### EXERCISE INSTRUCTIONS
The lines from the beginning of the records below through the one holding "If you have" are to be copied exactly; leave the pictures out.

### PROVIDED ENTRIES
━━━

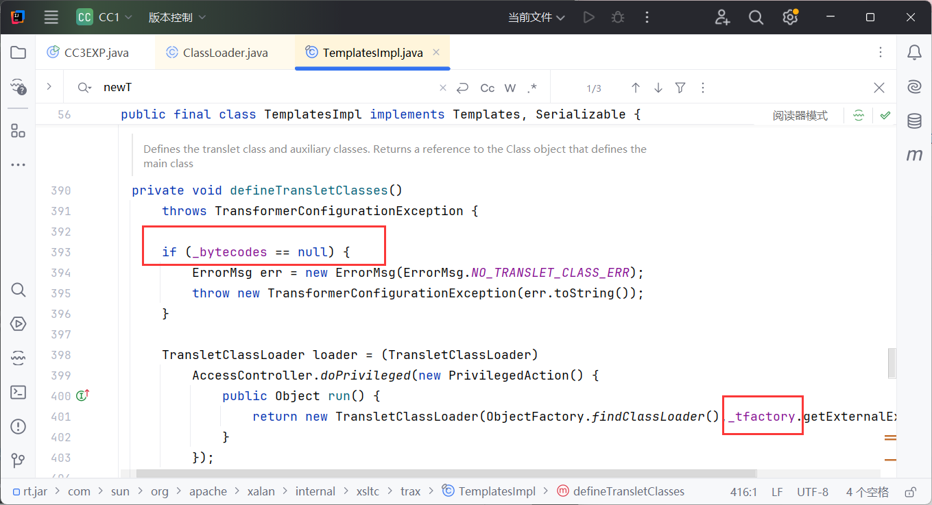 在 readObject() 方法中,找到了 _tfactory 的初始化定义。
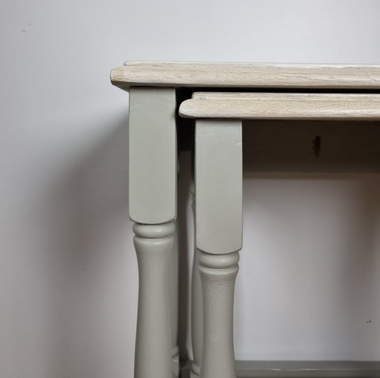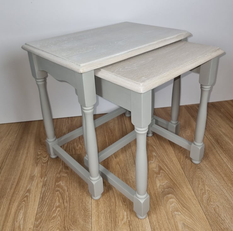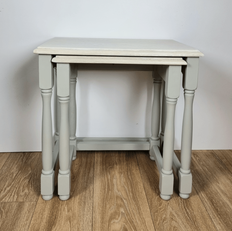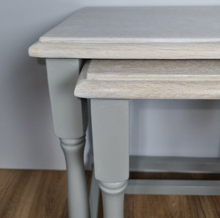 What sets our nest of tables apart is the love and attention to detail that goes into each and every one. The light grey hue complements any interior style, while the whitewashed oak top adds a touch of rustic charm. It's a delightful combination that will effortlessly elevate the ambience of any room.
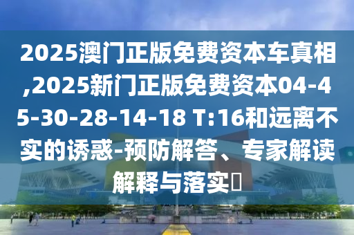 2025澳門正版免費資本車真相,2025新門正版免費資本04-45-30-28-14-18 T:16和遠離不實的誘惑-預防解答、專家解讀解釋與落實?
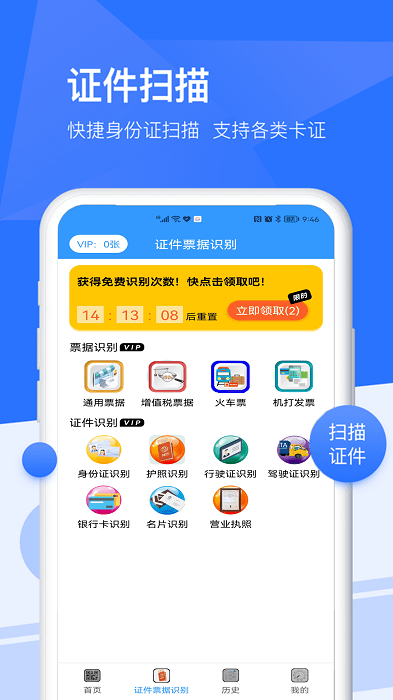 支持多种文件扫描,能完美的扫描身份证、银行卡、营业执照、护照、驾驶证、行驶证生成PDF,出门办事将会更加方便。
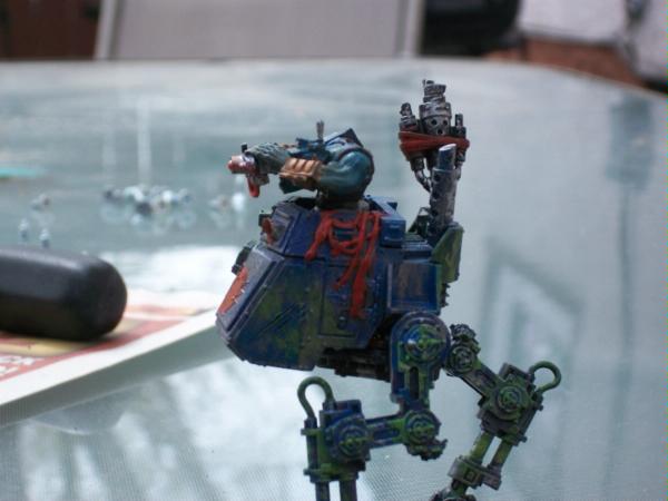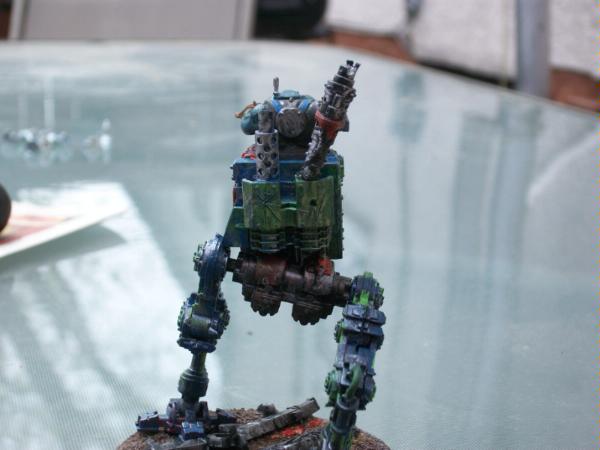 If you have the bits, you might sub out parts of the leg for ork deff dread bits. It'll make it look ungainly but it might also work out to be something cool, too.
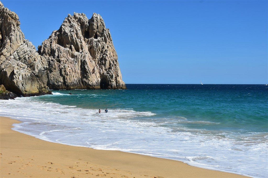 San Lucas de Los Cabos est une ville bien touristique pleine d’américains et nous prenons comme tous les autres le bateau avec gilet de sauvetage pour admirer l’arche et quelques points de vue. La baignade dans les vagues confirme que l’eau n’est pas chaude.
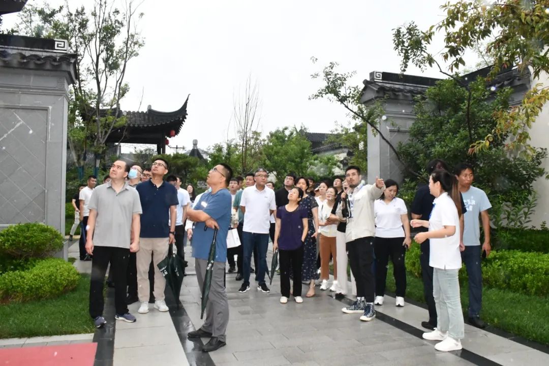 活动中,观摩学习组实地观摩了杨柳春风桃源里(二期)组团、杨柳春风雨荷郡组团建设交付成果,并针对产品外立面、室外景观、室内公区、地下室等部位的标准设定、细节营造及成本控制等方面同项目进行深入交流讨论。
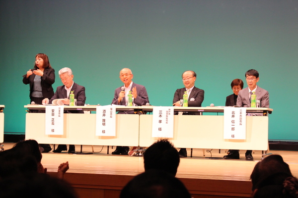 パネリストで参加された男性4名の方々が座っており、マイクを持ち市長が話をしている。その話の内容を手話で示している女性の方の写真 拡大画像 (JPEG: 118.2KB)
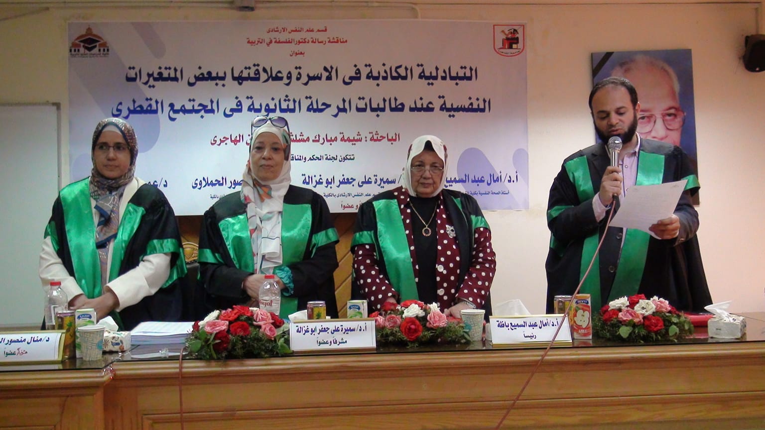 وا د سميرة علي جعفر ابو غزالة استاذ متفرغ بقسم علم النفس الإرشادي بالكلية ، مشرفا وعضوا

━━━

### ANSWER TO THE PROBLEM
 在 readObject() 方法中,找到了 _tfactory 的初始化定义。
 What sets our nest of tables apart is the love and attention to detail that goes into each and every one. The light grey hue complements any interior style, while the whitewashed oak top adds a touch of rustic charm. It's a delightful combination that will effortlessly elevate the ambience of any room.
 2025澳門正版免費資本車真相,2025新門正版免費資本04-45-30-28-14-18 T:16和遠離不實的誘惑-預防解答、專家解讀解釋與落實?
 支持多种文件扫描,能完美的扫描身份证、银行卡、营业执照、护照、驾驶证、行驶证生成PDF,出门办事将会更加方便。
 If you have the bits, you might sub out parts of the leg for ork deff dread bits. It'll make it look ungainly but it might also work out to be something cool, too.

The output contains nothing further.